To do
Output the listing word for word, minus images.

Data excerpt
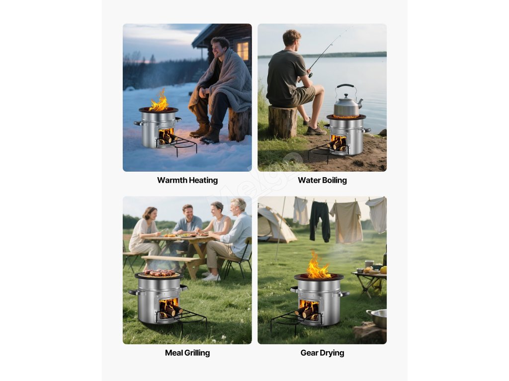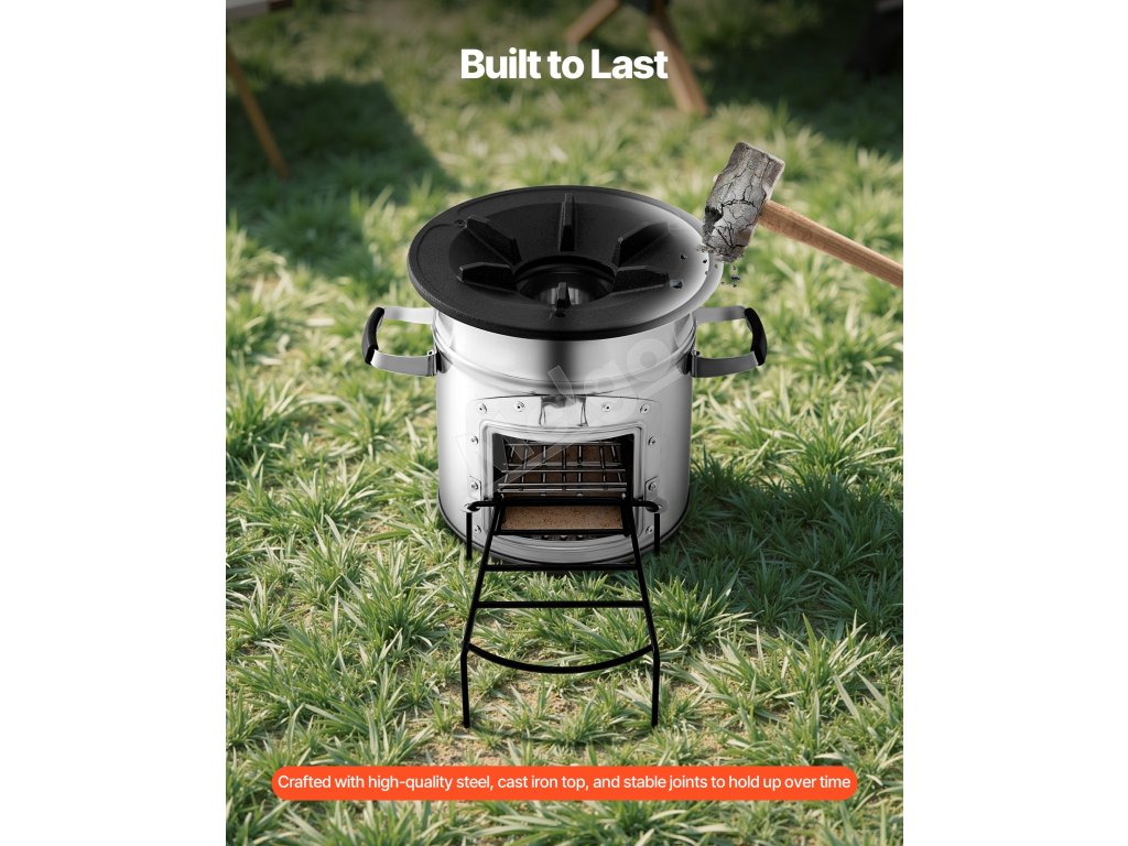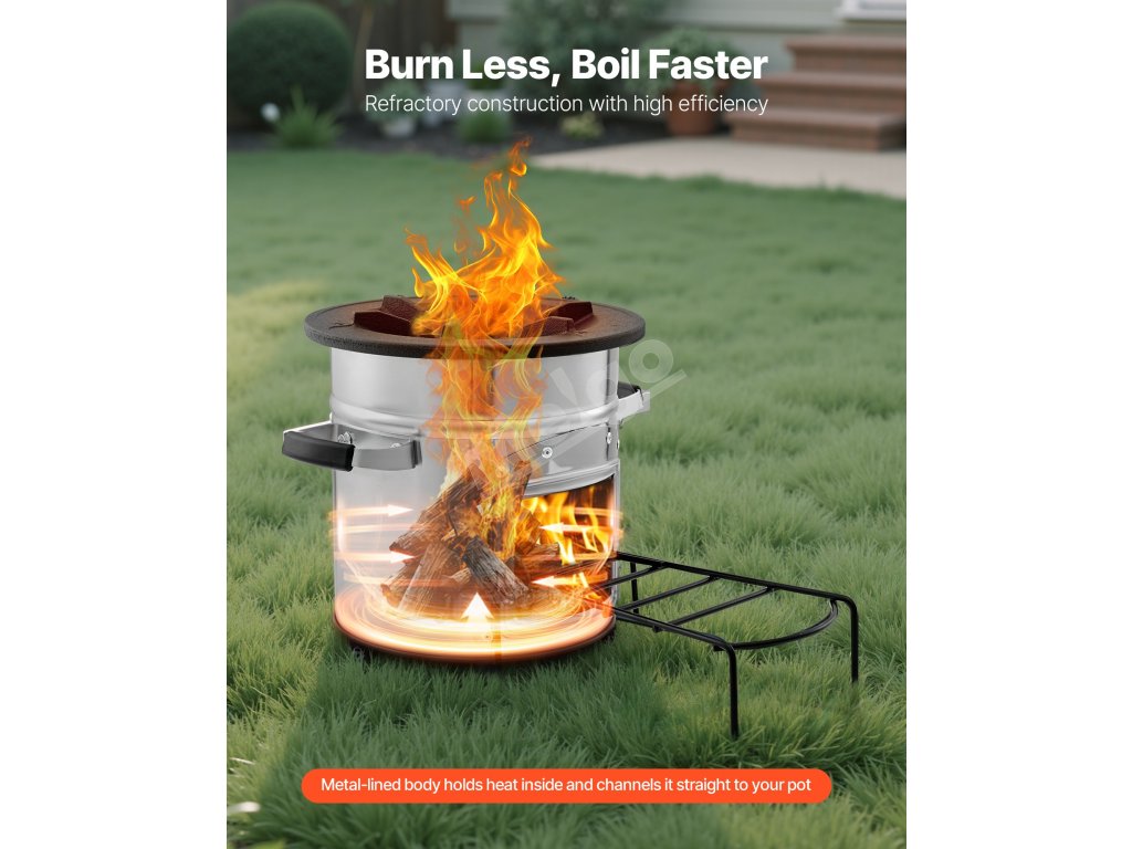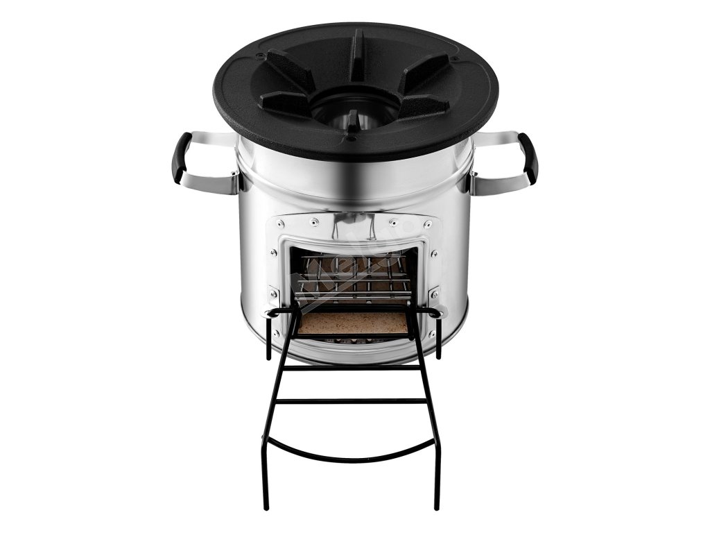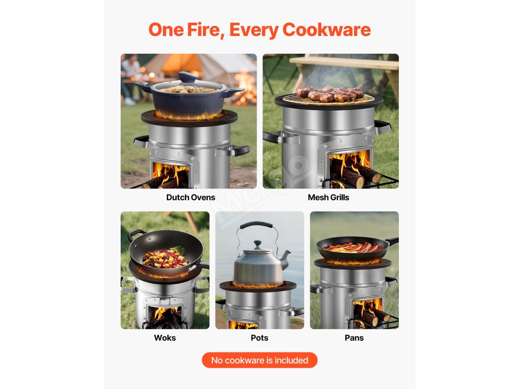 Náš raketový varič na drevo je kompatibilný s bežným kempingovým riadom vrátane panvíc, woku, holandských rúr a sieťových grilov. Rebrovaná podporná plocha podporuje rovnomerné rozloženie tepla.
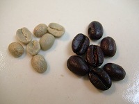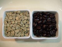 左が生豆、右が焙煎後の豆
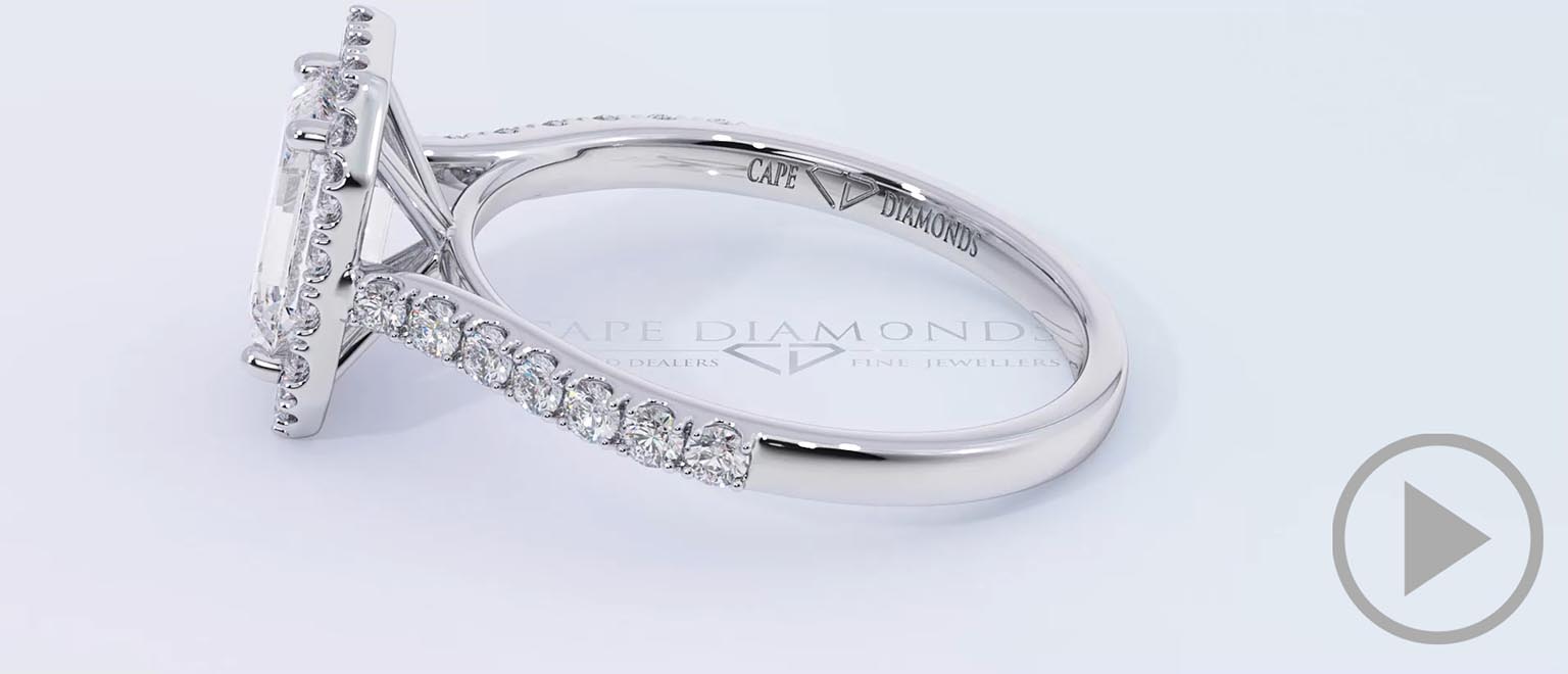 This flawless emerald cut halo ring will dazzle anyone with its gorgeous 4-claw setting and halo of pavé diamonds. The white gold band shimmers with tiny diamonds cascading and framing the opulent centre stone. This authentic diamond ring is availab

Reply to the exercise
 Náš raketový varič na drevo je kompatibilný s bežným kempingovým riadom vrátane panvíc, woku, holandských rúr a sieťových grilov. Rebrovaná podporná plocha podporuje rovnomerné rozloženie tepla.
 左が生豆、右が焙煎後の豆
 This flawless emerald cut halo ring will dazzle anyone with its gorgeous 4-claw setting and halo of pavé diamonds. The white gold band shimmers with tiny diamonds cascading and framing the opulent centre stone. This authentic diamond ring is availab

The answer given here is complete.